* TASK STATEMENT
Please reproduce the listing below exactly, leaving out every picture.

* GIVEN INFORMATION
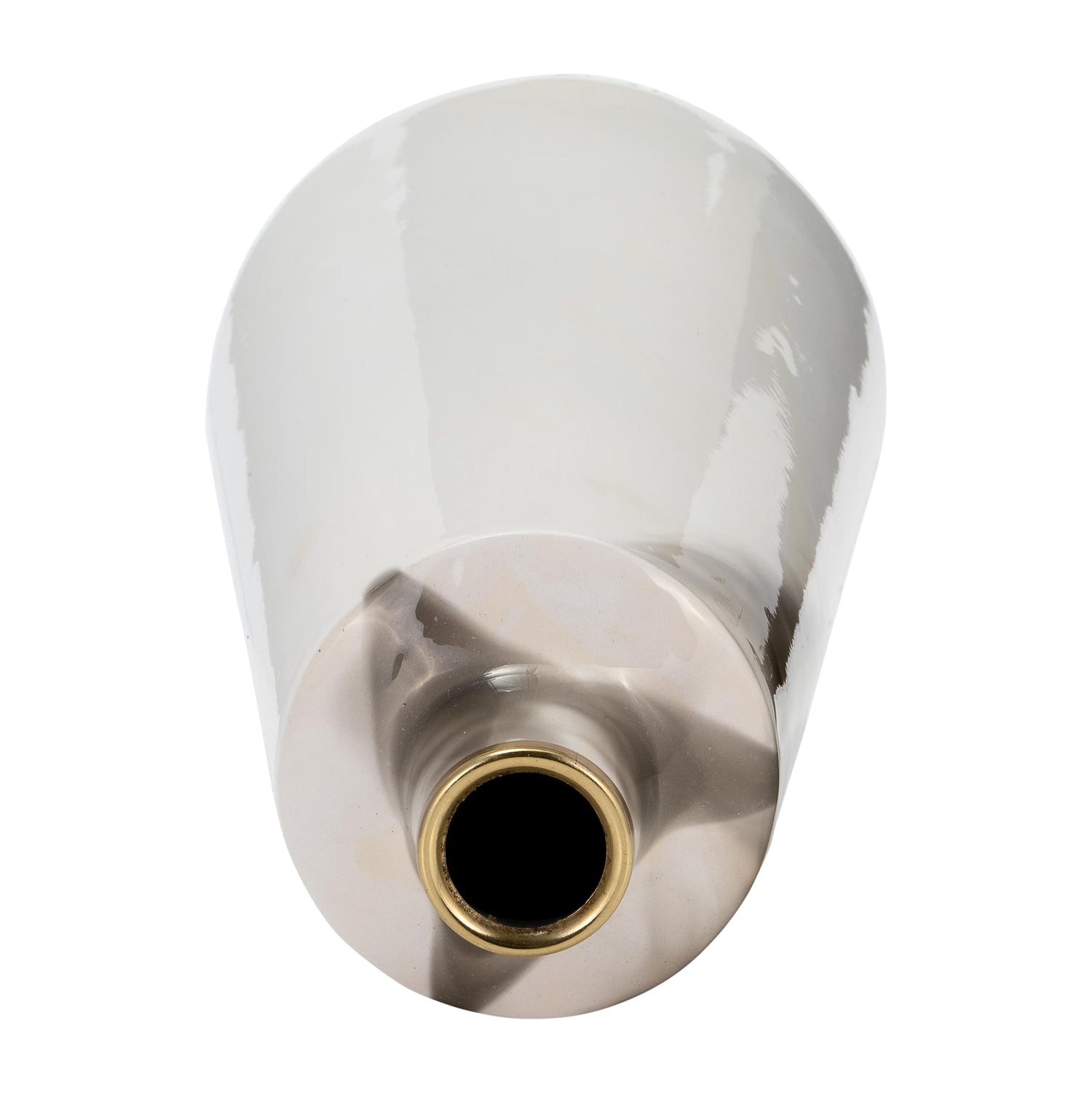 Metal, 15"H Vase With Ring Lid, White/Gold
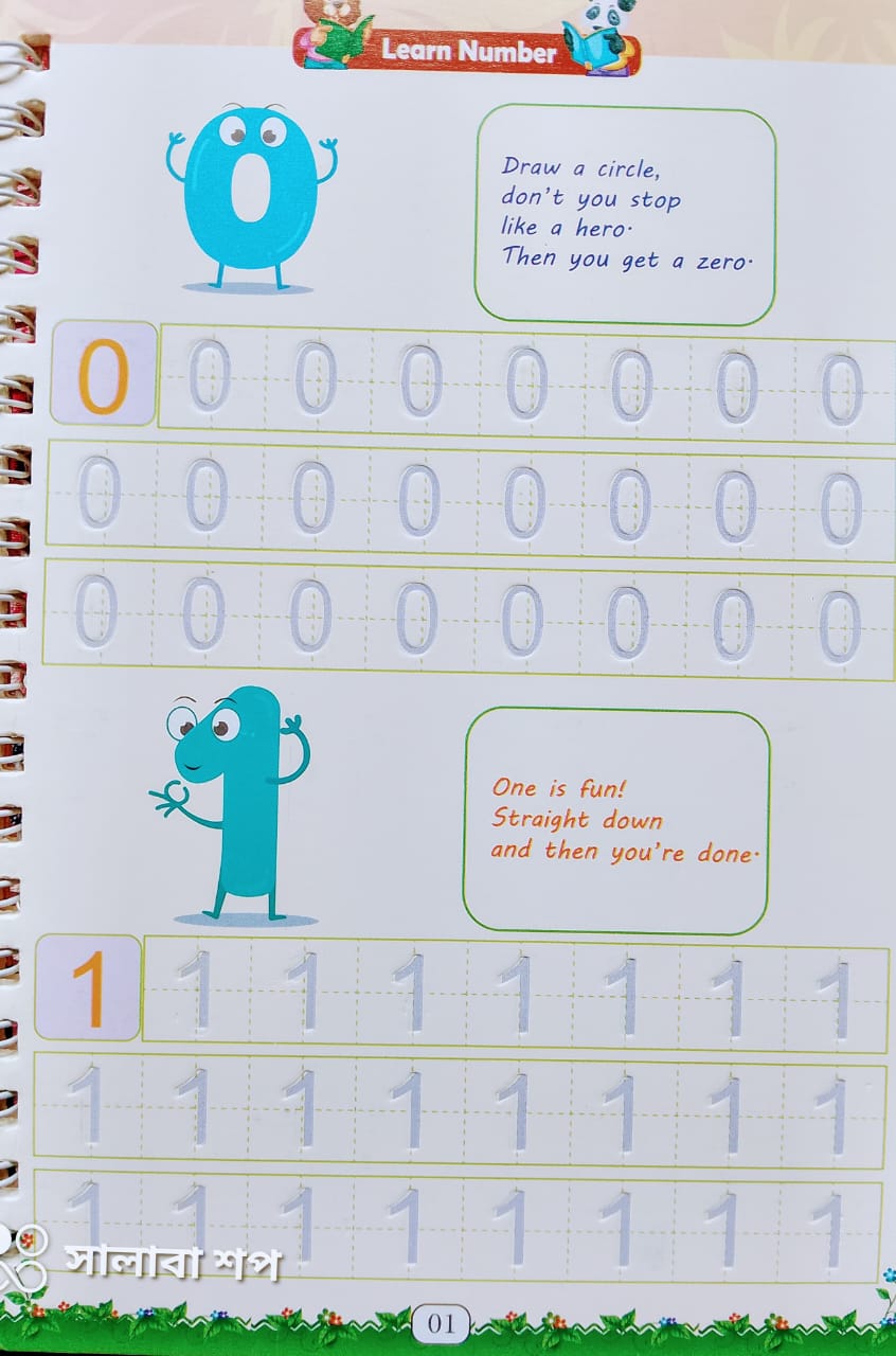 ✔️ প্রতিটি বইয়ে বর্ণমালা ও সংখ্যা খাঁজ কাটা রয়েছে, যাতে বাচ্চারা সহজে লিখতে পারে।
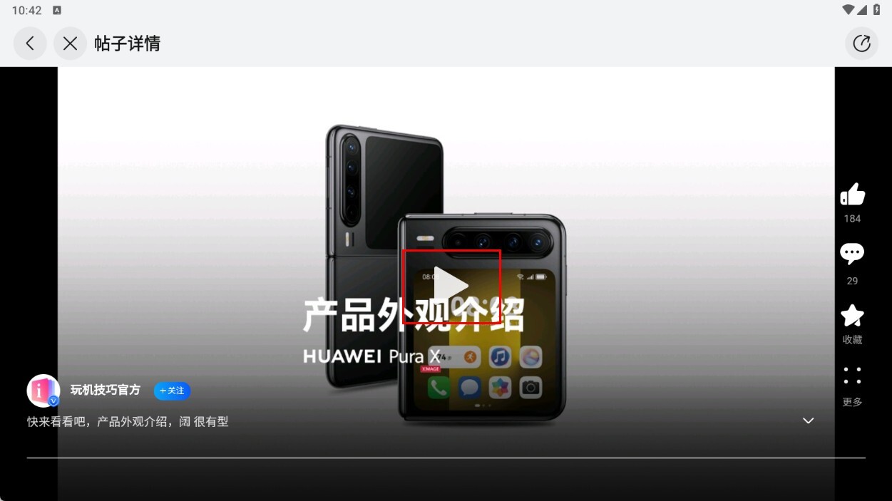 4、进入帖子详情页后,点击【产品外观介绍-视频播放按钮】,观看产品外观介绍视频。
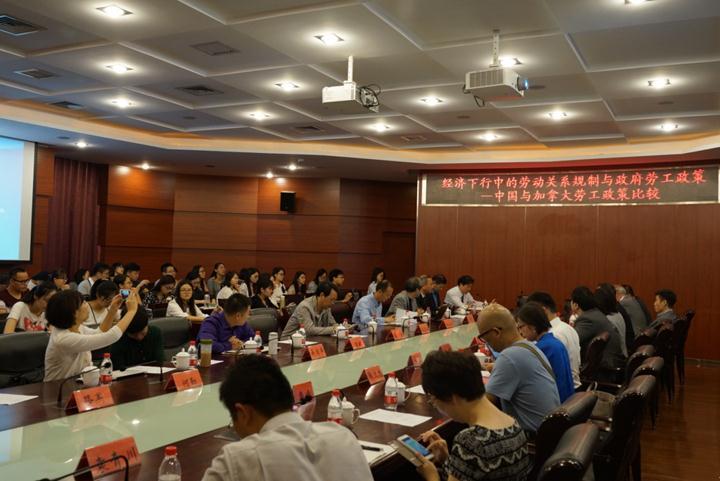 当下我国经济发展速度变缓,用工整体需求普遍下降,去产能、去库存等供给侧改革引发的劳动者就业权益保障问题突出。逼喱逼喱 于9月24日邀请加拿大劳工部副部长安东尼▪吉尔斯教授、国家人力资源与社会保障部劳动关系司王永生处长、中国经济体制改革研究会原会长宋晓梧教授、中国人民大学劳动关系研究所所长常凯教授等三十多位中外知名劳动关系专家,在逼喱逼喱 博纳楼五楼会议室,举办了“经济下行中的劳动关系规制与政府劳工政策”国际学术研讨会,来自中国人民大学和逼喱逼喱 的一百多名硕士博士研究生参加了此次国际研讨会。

* RESULT OF THE EXERCISE
 Metal, 15"H Vase With Ring Lid, White/Gold
 ✔️ প্রতিটি বইয়ে বর্ণমালা ও সংখ্যা খাঁজ কাটা রয়েছে, যাতে বাচ্চারা সহজে লিখতে পারে।
 4、进入帖子详情页后,点击【产品外观介绍-视频播放按钮】,观看产品外观介绍视频。
 当下我国经济发展速度变缓,用工整体需求普遍下降,去产能、去库存等供给侧改革引发的劳动者就业权益保障问题突出。逼喱逼喱 于9月24日邀请加拿大劳工部副部长安东尼▪吉尔斯教授、国家人力资源与社会保障部劳动关系司王永生处长、中国经济体制改革研究会原会长宋晓梧教授、中国人民大学劳动关系研究所所长常凯教授等三十多位中外知名劳动关系专家,在逼喱逼喱 博纳楼五楼会议室,举办了“经济下行中的劳动关系规制与政府劳工政策”国际学术研讨会,来自中国人民大学和逼喱逼喱 的一百多名硕士博士研究生参加了此次国际研讨会。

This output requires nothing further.